Principles of Task Based Language Teaching: Rod Ellis | TELT | Scoop.it

Shona Whyte:

Very clearly structured 2006 conference presention - given with lectern and mic and no slides - in Busan, Korea, by Rod Ellis. The video is online at the Asian EFL Journal website, accessible with the login member and password busan2006 (which are helpfully posted on their video page).

 

Ellis explains what task-based language teaching (TBLT) is and why it is relevant to teaching English in Korea, illustrates with Korean students

and discusses criticisms of the TBLT approach

 

Ellis identifies 3 dimensions of language teaching

- goals (learning objectives)

- content (Type A versus Type B syllabus)

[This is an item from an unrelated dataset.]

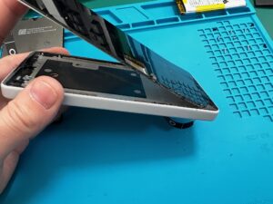 ケーブルやバッテリーにダメージが入らないよう慎重にバックパネルを剥がし、基板部分を露出させます。

- methodology (accuracy vs fluency)

 

He introduces the notion of the Type B syllabus, which specifies learning activities or tasks, but not the language to be used.  "Language is a by-product of the tasks."

 

TBLT aims to develop knowledge of language for natural communication, using a series of message-focused tasks, and the methodology is fluency, "saying what you want to say" rather than "using the language accurately."  However, there is an accuracy side to the methodology of TBLT.

 

Why tasks?

1. develop implicit knowledge incidentally through the effort to communicate (an attempt to recreate the same conditions in the classroom as for L1)

2. allow automatisation - unless you experience trying to communication in "real operating conditions" (like outside the classroom) you will never use the language fluently

 

What is a task?  4 criteria

1. goal-directed (not a linguistic purpose)

2. primary focus on meaning (using language)

3. participants choose linguistic resources (unlike Type A frameworks which provide language resources)

4. task has clearly defined outcome

 

Unfocused versus focused tasks: unfocused tasks are not designed to use a particular language feature, which focused tasks are oriented towards a particular grammatical structure, although primary focus is always on meaning.  No situational grammar activities, to practice a particular structure.